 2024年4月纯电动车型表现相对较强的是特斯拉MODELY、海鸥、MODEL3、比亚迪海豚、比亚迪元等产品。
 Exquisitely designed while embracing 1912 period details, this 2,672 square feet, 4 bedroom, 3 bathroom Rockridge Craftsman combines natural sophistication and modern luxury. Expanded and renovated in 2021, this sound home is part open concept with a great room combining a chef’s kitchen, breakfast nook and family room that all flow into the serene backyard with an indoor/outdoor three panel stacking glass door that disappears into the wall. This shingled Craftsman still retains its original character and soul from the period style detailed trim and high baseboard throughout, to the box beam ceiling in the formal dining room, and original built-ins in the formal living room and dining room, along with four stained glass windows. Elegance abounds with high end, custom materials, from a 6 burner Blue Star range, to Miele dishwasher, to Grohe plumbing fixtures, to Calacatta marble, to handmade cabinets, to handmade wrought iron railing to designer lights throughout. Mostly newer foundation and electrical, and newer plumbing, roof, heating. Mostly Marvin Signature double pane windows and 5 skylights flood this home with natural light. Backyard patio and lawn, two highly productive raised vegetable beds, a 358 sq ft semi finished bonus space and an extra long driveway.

...

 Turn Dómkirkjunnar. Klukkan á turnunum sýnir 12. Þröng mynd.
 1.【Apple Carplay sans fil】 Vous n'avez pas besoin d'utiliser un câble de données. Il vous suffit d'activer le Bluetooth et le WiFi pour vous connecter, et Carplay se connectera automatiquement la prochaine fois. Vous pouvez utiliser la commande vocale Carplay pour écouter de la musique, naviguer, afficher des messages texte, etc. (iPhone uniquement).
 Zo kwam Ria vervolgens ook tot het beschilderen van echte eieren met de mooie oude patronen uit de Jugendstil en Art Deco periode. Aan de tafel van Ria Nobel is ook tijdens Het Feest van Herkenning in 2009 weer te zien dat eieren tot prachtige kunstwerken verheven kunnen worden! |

==

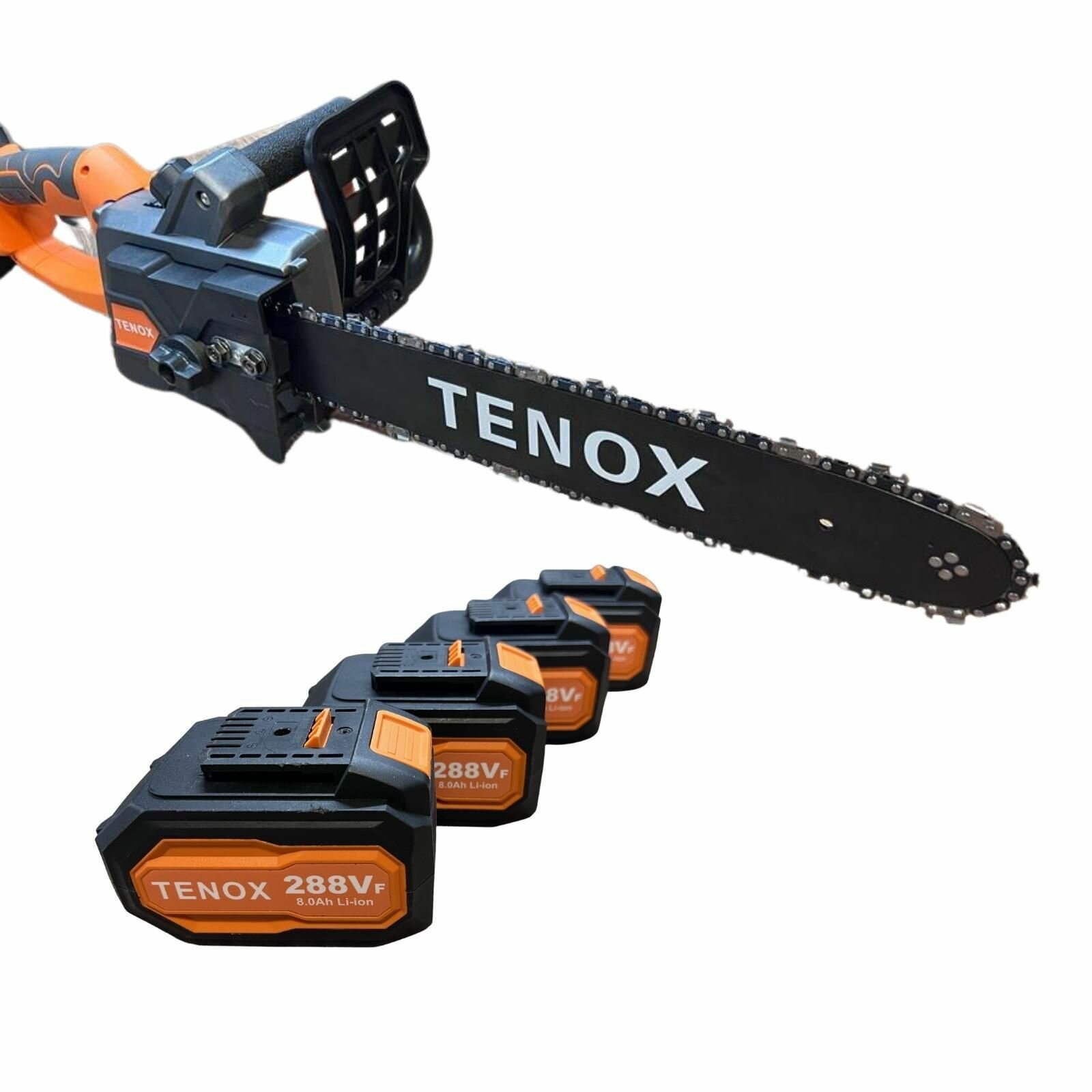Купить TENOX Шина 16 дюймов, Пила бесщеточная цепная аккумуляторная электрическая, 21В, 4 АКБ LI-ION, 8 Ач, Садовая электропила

▶ [Task to carry out]: Retype, exactly and in full, the lines above from the one containing "2024年4月纯电动车型表现" through the one containing "Exquisitely designed while".

▶ [Answer for this exercise]:
 2024年4月纯电动车型表现相对较强的是特斯拉MODELY、海鸥、MODEL3、比亚迪海豚、比亚迪元等产品。
 Exquisitely designed while embracing 1912 period details, this 2,672 square feet, 4 bedroom, 3 bathroom Rockridge Craftsman combines natural sophistication and modern luxury. Expanded and renovated in 2021, this sound home is part open concept with a great room combining a chef’s kitchen, breakfast nook and family room that all flow into the serene backyard with an indoor/outdoor three panel stacking glass door that disappears into the wall. This shingled Craftsman still retains its original character and soul from the period style detailed trim and high baseboard throughout, to the box beam ceiling in the formal dining room, and original built-ins in the formal living room and dining room, along with four stained glass windows. Elegance abounds with high end, custom materials, from a 6 burner Blue Star range, to Miele dishwasher, to Grohe plumbing fixtures, to Calacatta marble, to handmade cabinets, to handmade wrought iron railing to designer lights throughout. Mostly newer foundation and electrical, and newer plumbing, roof, heating. Mostly Marvin Signature double pane windows and 5 skylights flood this home with natural light. Backyard patio and lawn, two highly productive raised vegetable beds, a 358 sq ft semi finished bonus space and an extra long driveway.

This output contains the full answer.